Beginner's Marathon
 ahmedittihad
 Posts: 181
 Joined: Mon Mar 28, 2016 6:21 pm
Re: Beginner's Marathon
Problem $11$
For a positive integer $n$, let $f(n)$ denote the greatest odd divisor of $n$. Prove that for any integer $x$, $f(x+1)+f(x+2)+........f(2x) = x^2$.
For a positive integer $n$, let $f(n)$ denote the greatest odd divisor of $n$. Prove that for any integer $x$, $f(x+1)+f(x+2)+........f(2x) = x^2$.

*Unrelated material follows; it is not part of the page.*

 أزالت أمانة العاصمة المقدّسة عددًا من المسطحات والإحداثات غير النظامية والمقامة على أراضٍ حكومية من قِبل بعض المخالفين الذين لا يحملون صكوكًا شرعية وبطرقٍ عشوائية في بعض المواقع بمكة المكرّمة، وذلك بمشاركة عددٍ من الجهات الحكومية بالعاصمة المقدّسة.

Frankly, my dear, I don't give a damn.
 Thamim Zahin
 Posts: 98
 Joined: Wed Aug 03, 2016 5:42 pm
Re: Beginner's Marathon
$\text{Solution to Problem 11}$
Lemma 1: $f(k)=f(2k)$
Proof: Trivial
Lemma 2: $f(2k+1)=2k+1$
Proof: Trivial
We will use induction. For $n=1$, it is true.

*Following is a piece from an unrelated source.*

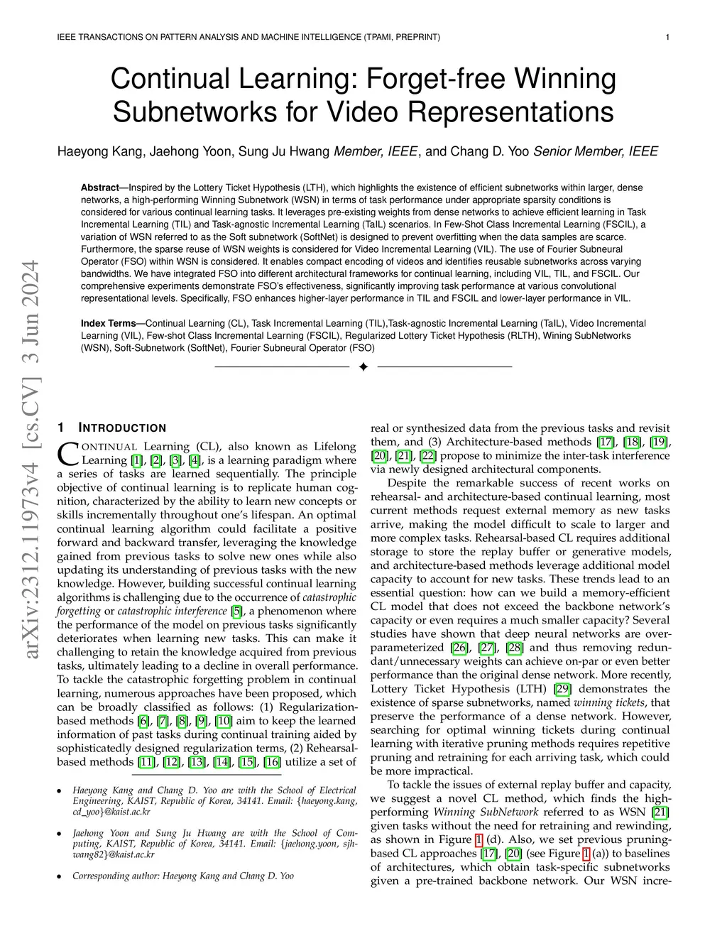 Inspired by the Lottery Ticket Hypothesis (LTH), which highlights the existence of efficient subnetworks within larger, dense networks, a high-performing Winning Subnetwork (WSN) in terms of task performance under appropriate sparsity conditions is considered for various continual learning tasks. It leverages pre-existing weights from dense networks to achieve efficient learning in Task Incremental Learning (TIL) and Task-agnostic Incremental Learning (TaIL) scenarios. In Few-Shot Class Incremental Learning (FSCIL), a variation of WSN referred to as the Soft subnetwork (SoftNet) is designed to prevent overfitting when the data samples are scarce. Furthermore, the sparse reuse of WSN weights is considered for Video Incremental Learning (VIL). The use of Fourier Subneural Operator (FSO) within WSN is considered. It enables compact encoding of videos and identifies reusable subnetworks across varying bandwidths. We have integrated FSO into different architectural frameworks for continual learning, including VIL, TIL, and FSCIL. Our comprehensive experiments demonstrate FSO's effectiveness, significantly improving task performance at various convolutional representational levels. Specifically, FSO enhances higher-layer performance in TIL and FSCIL and lower-layer performance in VIL.

Now for $g(m)=f(m+1)+f(m+2)+\cdots+f(2m)=m^2$
We will be done if we can proof
$g(m+1)=f(m+2)+f(m+3)+\cdots+f(2m)+f(2m+1)+f(2m+2)=(m+1)^2$
Now,$f(m+1)+f(m+2)+\cdots +f(2m)=m^2$
$\Rightarrow f(m+2)+\cdots +f(2m)+f(2m+2)=m^2$ [Lemma 1 on $f(m+1)$]

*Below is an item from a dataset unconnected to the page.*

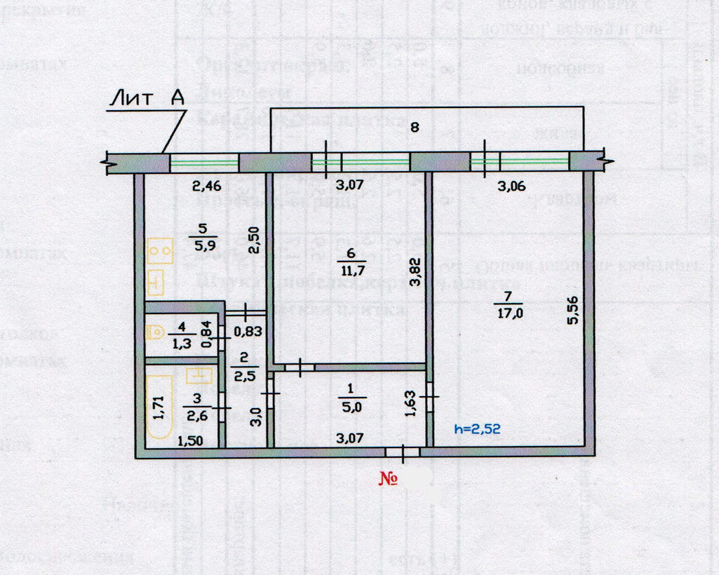 Площадь кухни 6 м2

$\Rightarrow f(m+2)+\cdots +f(2m)+f(2m+1)+f(2m+2)=m^2+2m+1$ [Lemma 2]
That means $g(m+1)=m^2+2m+1=(m+1)^2$
$[DONE]$
Lemma 1: $f(k)=f(2k)$
Proof: Trivial
Lemma 2: $f(2k+1)=2k+1$
Proof: Trivial
We will use induction. For $n=1$, it is true.
Now for $g(m)=f(m+1)+f(m+2)+\cdots+f(2m)=m^2$
We will be done if we can proof
$g(m+1)=f(m+2)+f(m+3)+\cdots+f(2m)+f(2m+1)+f(2m+2)=(m+1)^2$
Now,$f(m+1)+f(m+2)+\cdots +f(2m)=m^2$
$\Rightarrow f(m+2)+\cdots +f(2m)+f(2m+2)=m^2$ [Lemma 1 on $f(m+1)$]
$\Rightarrow f(m+2)+\cdots +f(2m)+f(2m+1)+f(2m+2)=m^2+2m+1$ [Lemma 2]
That means $g(m+1)=m^2+2m+1=(m+1)^2$
$[DONE]$
Last edited by Thamim Zahin on Mon Apr 10, 2017 7:15 pm, edited 1 time in total.
I think we judge talent wrong. What do we see as talent? I think I have made the same mistake myself. We judge talent by the trophies on their showcases, the flamboyance the supremacy. We don't see things like determination, courage, discipline, temperament.
 Thamim Zahin
 Posts: 98
 Joined: Wed Aug 03, 2016 5:42 pm
Re: Beginner's Marathon
$\text{Problem 12}$
For every positive integer $k$ let $f(k)$ be the largest integer such that $2^{f(k)} \mid k$. For every positive integer $n$ determine : $f(1) + f(2) +f(3)+f(4)+f(5)+\cdots+ f(2^n)$.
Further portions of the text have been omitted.